Background: Plasma biomarkers of Alzheimer's disease (AD) pathology, neurodegeneration, and neuroinflammation are ideally suited for secondary prevention programs in self-sufficient persons at-risk of dementia. Plasma biomarkers have been shown to be highly correlated with traditional imaging biomarkers. However, their comparative predictive value versus traditional AD biomarkers is still unclear in cognitively unimpaired (CU) subjects and with mild cognitive impairment (MCI).

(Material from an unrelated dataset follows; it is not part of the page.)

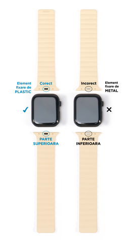 Pentru a evita o eventuala confuzie, daca intoarceti cureaua elementul de blocare al mecanismului va fi metalic de culoare argintie.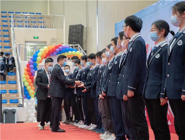 高三(1)班(bān)孫博浩同學帶領全體同學進行了畢業宣(xuān)誓,他(tā)們鏗鏘有力的宣言如同無悔的青(qīng)春承諾回(huí)蕩在會場中。懷著對母校的深深(shēn)眷戀和(hé)美好祝願,全體高三同學也為學校準備了一份禮物,高三年級部主任儲成俊和學生代表高三(3)朱芃輝同學向學校贈送了這份(fèn)特殊的紀(jì)念品——2021屆全體(tǐ)師生合影。

Methods: Plasma (Aβ42/40, p-tau181, p-tau231, NfL, and GFAP) and neuroimaging (hippocampal volume, centiloid of amyloid-PET, and tau-SUVR of tau-PET) biomarkers were assessed at baseline in 218 non-demented subjects (CU = 140; MCI = 78) from the Geneva Memory Center. Global cognition (MMSE) was evaluated at baseline and at follow-ups up to 5.7 years. We used linear mixed-effects models and Cox proportional-hazards regression to assess the association between biomarkers and cognitive decline. Lastly, sample size calculations using the linear mixed-effects models were performed on subjects positive for amyloid-PET combined with tau-PET and plasma biomarker positivity.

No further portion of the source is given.